# Best way to carry a S&W 469?



## Starkiller1125 (Mar 31, 2017)

Hello, and good day. I'm new to this forum so pardon me if I should have posted this someplace else.

I've been shooting before I could ride a bike, so I know quite a bit about firearms and whatnot. I have also taken weapons training courses and recently have decided to carry a firearm. Here in Nebraska, I can open carry. Though, I have just signed up for CCW classes. I'm not about to get into the whole "open vs. concealed" debate. 

What I want to know is how I can best carry a somewhat old, yet reliable S&W 469. One of the instructors I studied under said that it's not the weapon you use, it's how well you can use it. Me, being primarily a rifle shooter, have only a couple handguns in my "arsenal". A S&W 469 and a S&W 986 9mm revolver. Obviously the carry choice would be the 469.

My questions are is if it's safer to carry the gun loaded and at half cock rather than loaded and on safe, which on the 469, is a decocker. To me, carrying on safe sounds safest but carrying on half cock shaves off that time needed to disengage the safety. On half cock, the hammer protrudes just enough that you can thumb it back and shoot single action. Half cock makes me a bit nervous since there's nothing stopping the hammer from hitting the firing pin should the sear somehow slip after undergoing a brutal motorcycle crash and whatnot or some such. I'm sure the hammer spring isn't strong enough to detonate the primer but taking the 469 off safe does just that sort of, it swings the hammer stop out of the way and allows the hammer to rest on the pin. Granted the hammer is shaved so there's virtually no hammer protruding from the slide to get bumped on something.

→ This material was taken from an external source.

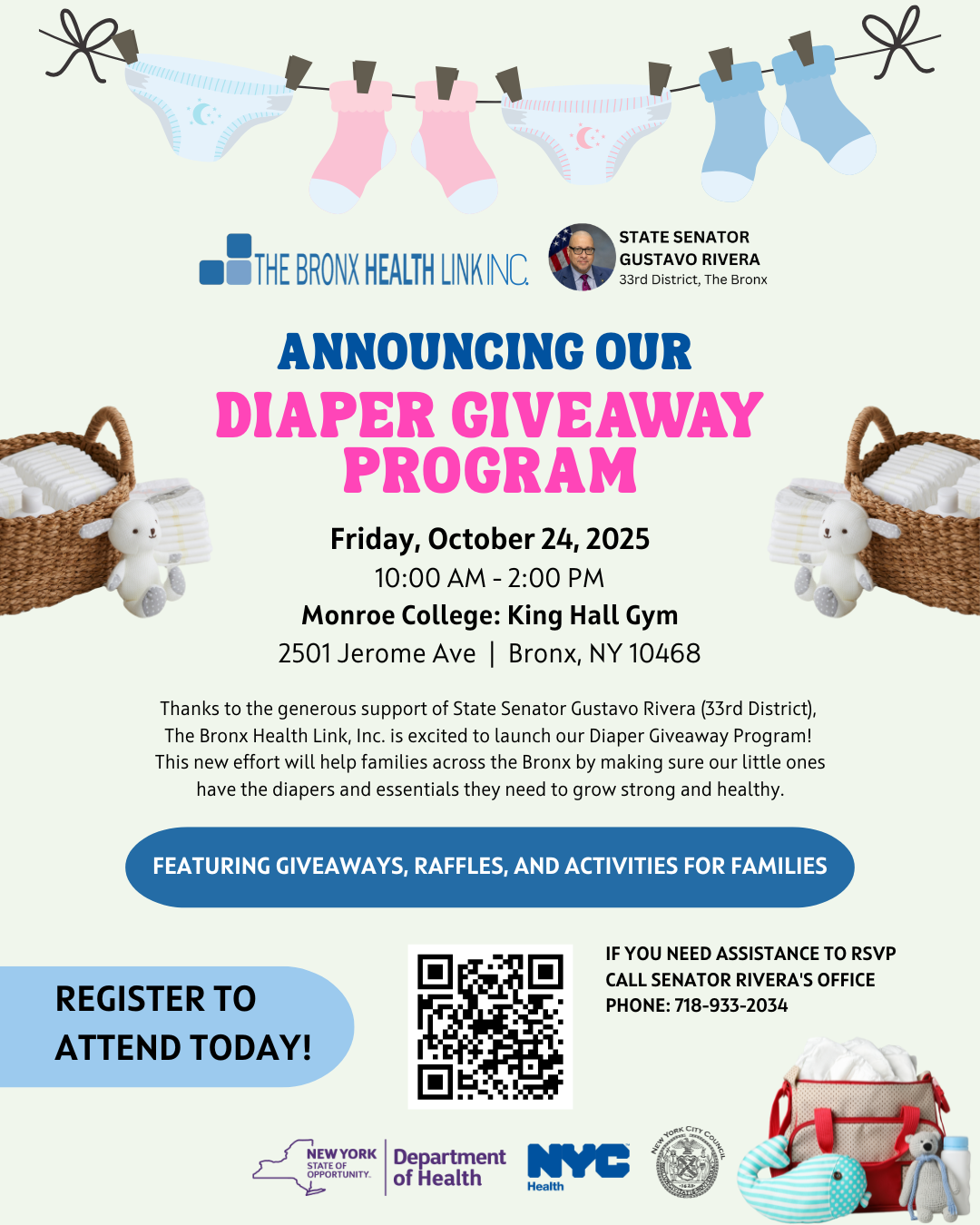 Thanks to the generous support of State Senator Gustavo Rivera (33rd District), The Bronx Health Link, Inc. is excited to launch our Diaper Giveaway Program taking place on Friday , October 24, 2025 from 10:00 AM - 2:00 PM at Monroe College: King Hall Gym 2501 Jerome Ave Bronx, MU 10468. This new effort will help families across the Bronx by making sure our little ones have the diapers and essentials they need to grow strong and healthy.

Anywho, thanks for your time reading this, any and all comments and advice are more than welcome!


----------



## rustygun (Apr 8, 2013)

Welcome to the site. It would be hard to offer advise not being familiar with that gun but I would have to say using the manual safety would be the best route because that is what it is designed to do. Get a good holster and practice your draw (safely).


----------



## desertman (Aug 29, 2013)

I've got a 469 and a 669 it's stainless counterpart. I also have a Model 3913 which is the single stack version. 

Just chamber a round and use the safety/de-cocking lever to safely lower the hammer. Or you can just rack the slide with the lever down. Then disengage the safety/de-cocking lever and you will be good to go. There is no need to have the safety engaged on a DA/SA pistol. It's just another thing you have to do and remember if the gun is ever used in a life or death situation. Besides it's location on the slide makes it more difficult to operate under those circumstances than say a 1911 that has a frame mounted safety lever. As you have to push the lever up with your thumb as opposed to pushing it down.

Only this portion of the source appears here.